-- Given material --
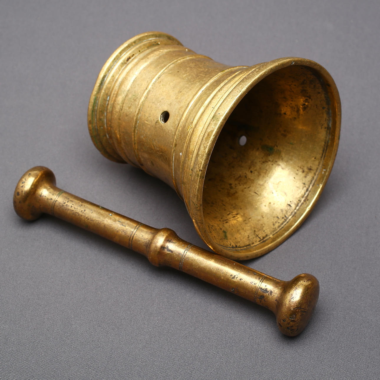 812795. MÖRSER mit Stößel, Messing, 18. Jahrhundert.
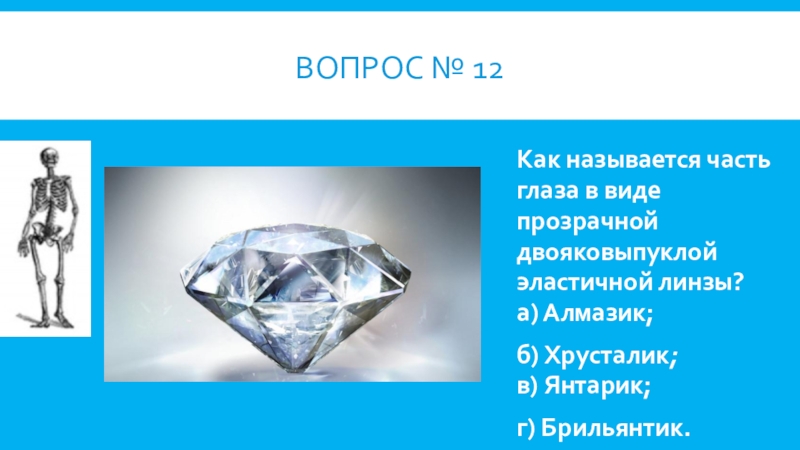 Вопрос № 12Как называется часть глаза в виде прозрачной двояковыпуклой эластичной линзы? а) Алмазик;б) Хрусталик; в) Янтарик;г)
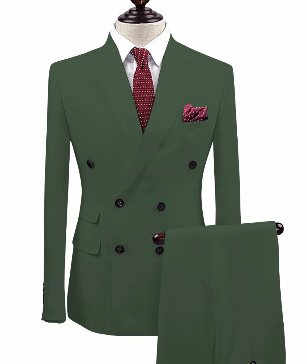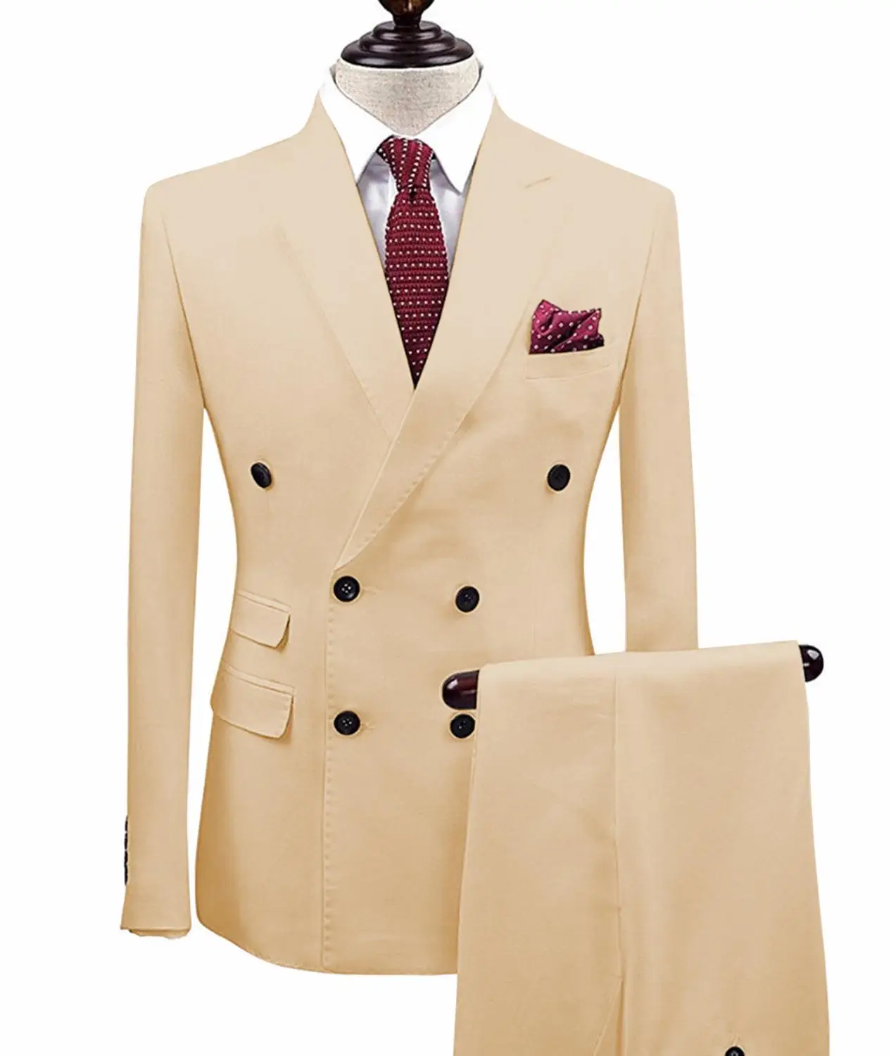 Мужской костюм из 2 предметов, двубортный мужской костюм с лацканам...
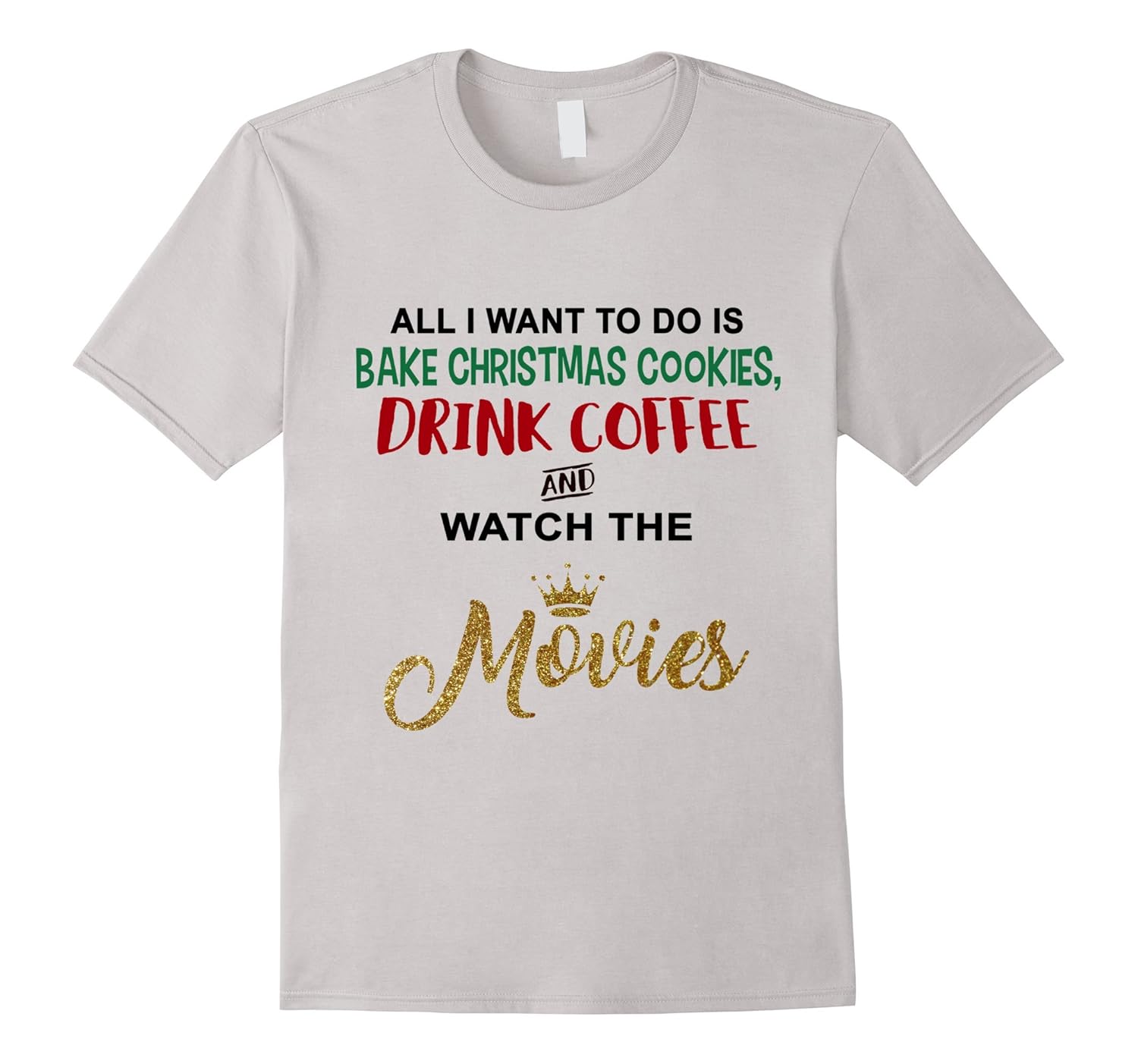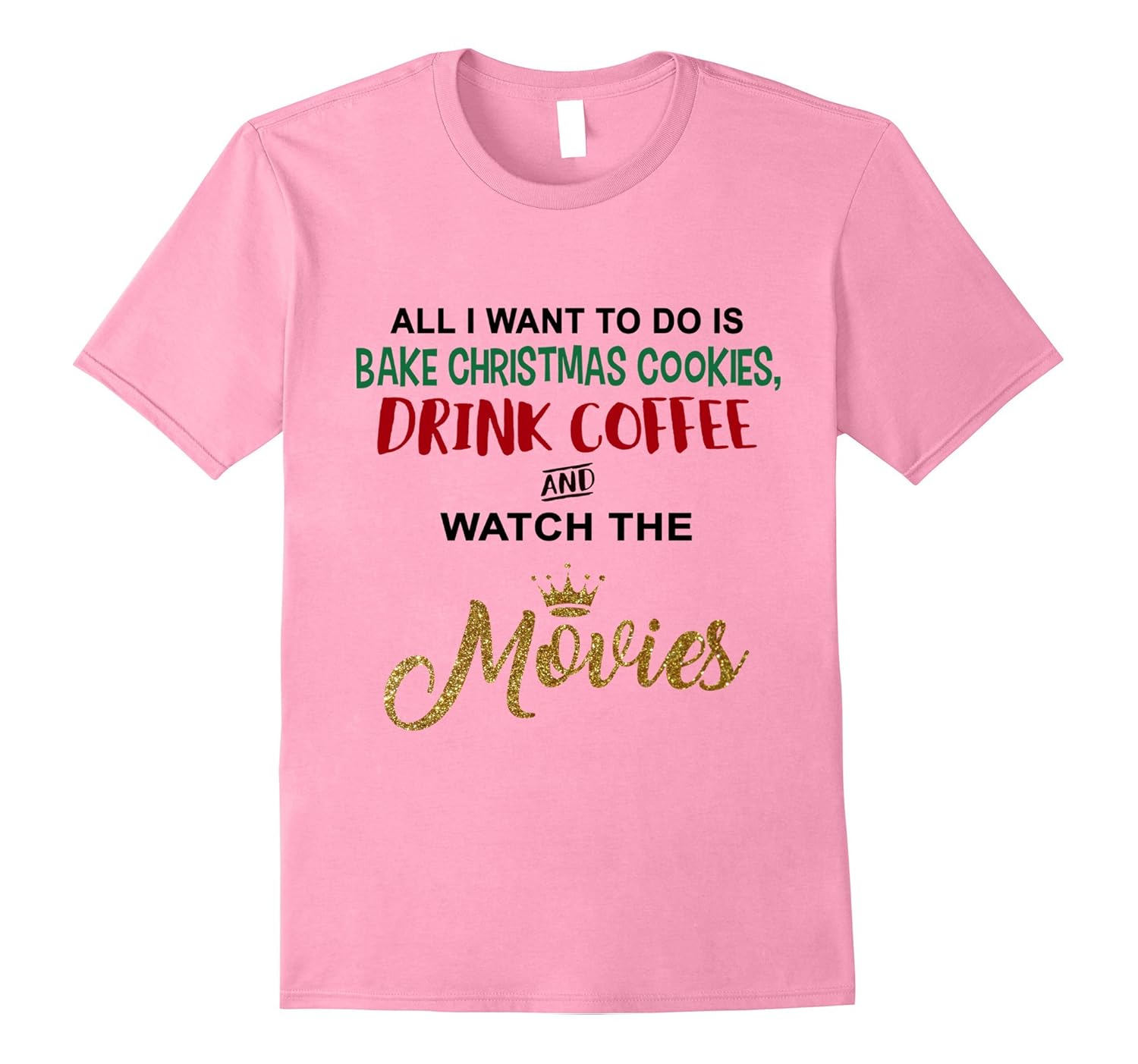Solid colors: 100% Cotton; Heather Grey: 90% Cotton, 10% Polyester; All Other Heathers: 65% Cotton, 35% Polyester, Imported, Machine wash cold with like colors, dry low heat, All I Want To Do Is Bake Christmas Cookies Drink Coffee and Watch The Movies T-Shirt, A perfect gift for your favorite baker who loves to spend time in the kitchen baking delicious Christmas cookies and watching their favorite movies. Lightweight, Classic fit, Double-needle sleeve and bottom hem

-- Assignment --
Retype the data exactly; images stay out.

-- Output of the task --
 812795. MÖRSER mit Stößel, Messing, 18. Jahrhundert.
 Вопрос № 12Как называется часть глаза в виде прозрачной двояковыпуклой эластичной линзы? а) Алмазик;б) Хрусталик; в) Янтарик;г)
 Мужской костюм из 2 предметов, двубортный мужской костюм с лацканам...
Solid colors: 100% Cotton; Heather Grey: 90% Cotton, 10% Polyester; All Other Heathers: 65% Cotton, 35% Polyester, Imported, Machine wash cold with like colors, dry low heat, All I Want To Do Is Bake Christmas Cookies Drink Coffee and Watch The Movies T-Shirt, A perfect gift for your favorite baker who loves to spend time in the kitchen baking delicious Christmas cookies and watching their favorite movies. Lightweight, Classic fit, Double-needle sleeve and bottom hem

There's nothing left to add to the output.